Noi, nel dopoguerra, di simili profeti ne abbiamo vista una gran quantità. I leader che hanno ricostruito la democrazia, quelli che hanno scritto la Costituzione, quelli che hanno avverato il miracolo economico, e via dicendo. La nostra idea della figura politica si è sagomata così intorno a personalità strabordanti e insieme raffinatissime, capaci di portarci in dote un mondo di visioni e parole.

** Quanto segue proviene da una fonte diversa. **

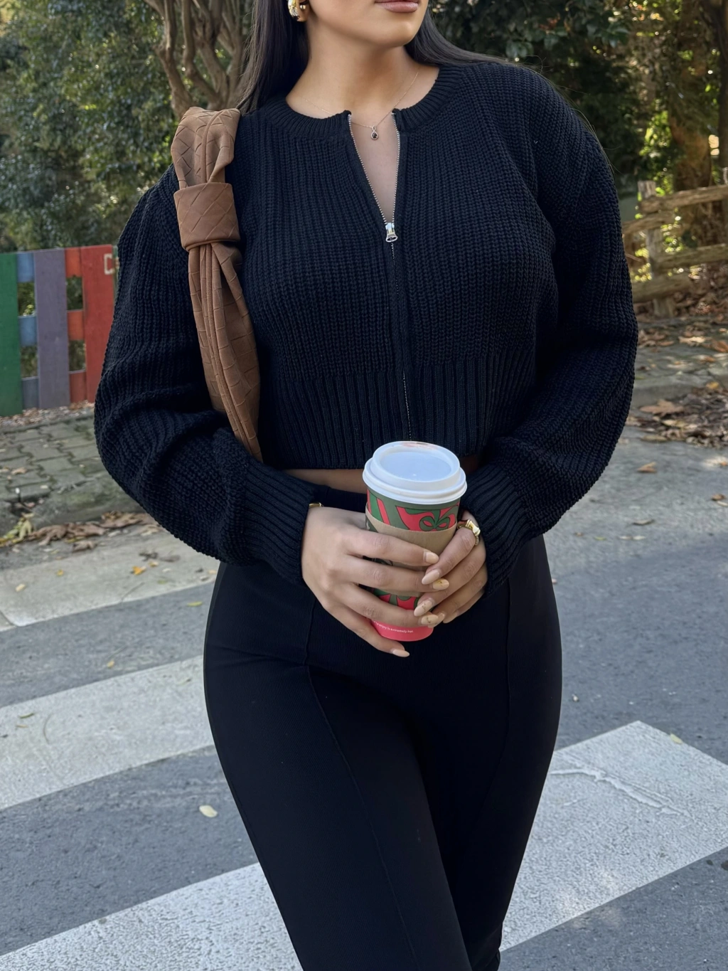 Siyah Fermuarlı Triko Hırka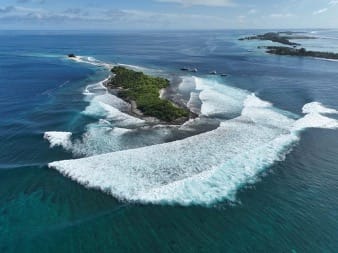 Aerial view of the Sultans, home of the Four Seasons Maldives Surfing Champions Trophy 2024. Photo Credits: Conor Quinlan

Quei profeti, continuiamo a chiamarli così, erano logorroici, complicati, machiavellici. Ma appunto avevano dentro di sé un’idea fin troppo ambiziosa della politica e del loro ruolo. Parlavano per ore, spaccavano il capello in quattro, sembravano portare il mondo e il suo destino dentro quelle borse gonfie di carte. Non tutti erano grandi, ci mancherebbe. Ma tutti cercavano di diventarlo o almeno di sembrarlo.
Ora, per quanto ci capiti talvolta di vestire questo o quello dei leader in campo di tutta quella imponenza cui eravamo abituati, di profeti non se ne vedono più in giro. E se ci fossero, potrebbero rivelarsi di poca utilità. Il tempo presente infatti non chiede più al politico né un sapere enciclopedico, né un’ambizione prometeica. Egli non deve immaginare il futuro, deve amministrare il presente. E deve farlo, possibilmente, senza arrecare troppo fastidio al prossimo, e semmai ravvivandone le giornate con qualche sapida trovata.
Così, archiviate le figure più monumentali di una volta, ci troviamo oggi a fare i conti con due modelli di leadership: il funzionario oppure l’agitatore.
Da un lato si può intravedere un minimalista, artista del basso profilo, all’occorrenza capace di dissimulare le proprie qualità e velleità sotto il manto di un abile grigiore. Egli non deve affatto essere un mediocre, tutt’altro. Ma non deve ingombrare la scena con troppe pretese o troppe ambizioni. La modestia è il suo corredo - quale che sia il pensiero profondo di sé che egli abilmente dissimula.
Al lato opposto si erge il funambolo, irrequieto e demagogico. Capace di animare la scena con un lampo di furore, sorprendente e inatteso. Non è affatto detto che egli sia un uomo superficiale, puramente spettacolare, un guitto come si usa dire. Ma all’occorrenza egli deve essere capace di propalare fake news, e magari sparare balle spaziali per il puro gusto della provocazione.
Ora, ognuno può mettere i nomi che vuole dietro queste due maschere. L’esperienza di questi ultimi tempi ce ne suggerisce una discreta quantità. Ma il punto non è di personalizzare la questione. È di capire che la politica in questo secolo si è lasciata alle spalle quell’apice di ambizione che la faceva sentire capace di plasmare il mondo a sua immagine e somiglianza. Cambiando così una volta per tutte lo spartito dei suoi orchestrali.
Tutto avviene ora dentro confini assai più angusti. Dove la politica non coltiva più la grandiosità dei suoi progetti, né la solennità delle sue maniere. Al loro posto ci si aspetta, appunto, l’avvedutezza di un contabile che metta ordine nelle nostre cifre. Oppure il guizzo di un novelliere che ci intrattenga con fantasia.
Se poi questo sia stato un progresso oppure no, ognuno può dire la sua.